* _REQUIRED WORK_: With the pictures left out, reproduce exactly the lines from the one containing "据悉,为了促进联盟高校间课程" through the final line of the entries.

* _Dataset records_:

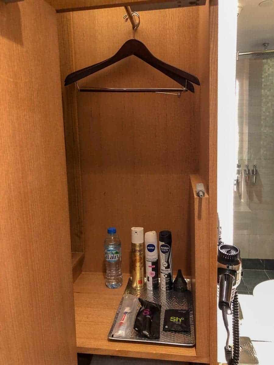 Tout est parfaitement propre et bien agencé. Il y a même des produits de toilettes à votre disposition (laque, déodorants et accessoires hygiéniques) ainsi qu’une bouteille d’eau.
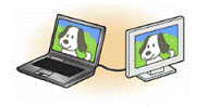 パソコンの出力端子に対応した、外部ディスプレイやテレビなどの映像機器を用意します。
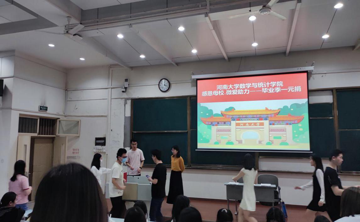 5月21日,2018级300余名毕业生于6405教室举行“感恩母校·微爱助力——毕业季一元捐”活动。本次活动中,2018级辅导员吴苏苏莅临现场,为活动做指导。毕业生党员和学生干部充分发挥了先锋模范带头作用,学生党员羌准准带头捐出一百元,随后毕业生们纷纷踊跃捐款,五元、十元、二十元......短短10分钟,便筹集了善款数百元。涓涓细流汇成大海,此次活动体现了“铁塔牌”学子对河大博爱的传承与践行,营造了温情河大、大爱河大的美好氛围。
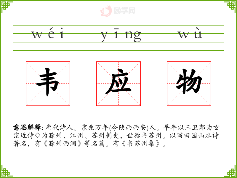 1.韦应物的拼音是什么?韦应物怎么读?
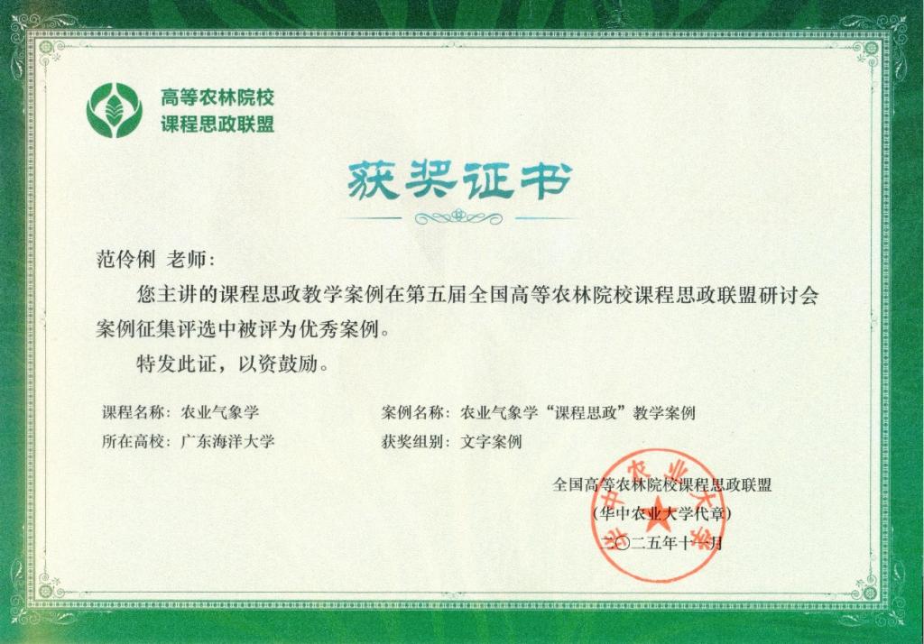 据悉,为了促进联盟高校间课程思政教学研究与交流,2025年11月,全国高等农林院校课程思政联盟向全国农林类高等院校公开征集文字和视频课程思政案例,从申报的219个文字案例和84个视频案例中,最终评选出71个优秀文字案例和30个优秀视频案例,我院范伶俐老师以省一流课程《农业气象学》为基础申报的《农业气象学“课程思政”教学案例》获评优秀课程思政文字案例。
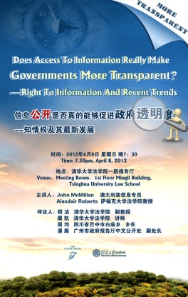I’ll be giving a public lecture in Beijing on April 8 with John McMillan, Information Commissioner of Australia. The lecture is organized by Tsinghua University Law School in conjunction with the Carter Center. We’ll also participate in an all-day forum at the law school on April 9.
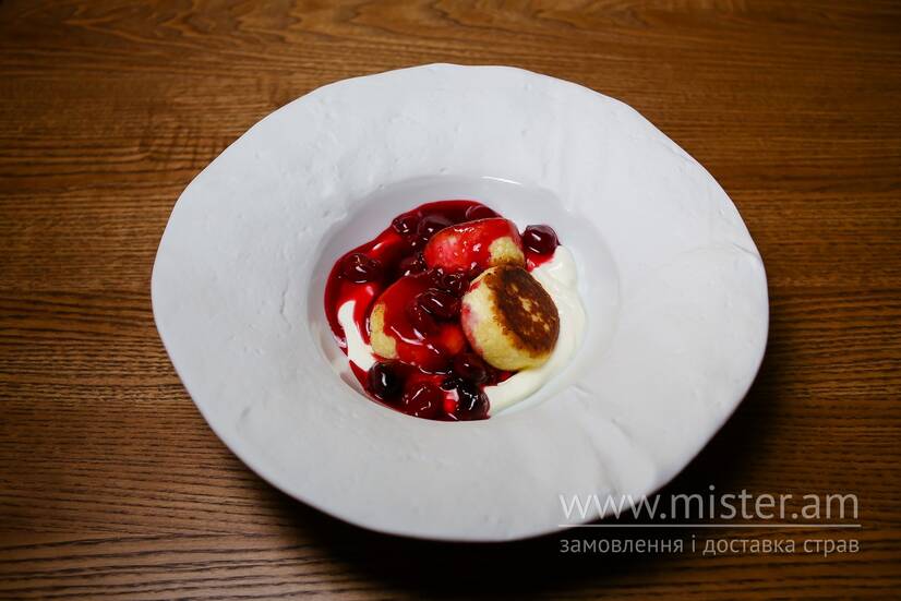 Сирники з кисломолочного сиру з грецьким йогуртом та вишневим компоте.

* _WRITTEN SOLUTION_:
 据悉,为了促进联盟高校间课程思政教学研究与交流,2025年11月,全国高等农林院校课程思政联盟向全国农林类高等院校公开征集文字和视频课程思政案例,从申报的219个文字案例和84个视频案例中,最终评选出71个优秀文字案例和30个优秀视频案例,我院范伶俐老师以省一流课程《农业气象学》为基础申报的《农业气象学“课程思政”教学案例》获评优秀课程思政文字案例。
I’ll be giving a public lecture in Beijing on April 8 with John McMillan, Information Commissioner of Australia. The lecture is organized by Tsinghua University Law School in conjunction with the Carter Center. We’ll also participate in an all-day forum at the law school on April 9.
 Сирники з кисломолочного сиру з грецьким йогуртом та вишневим компоте.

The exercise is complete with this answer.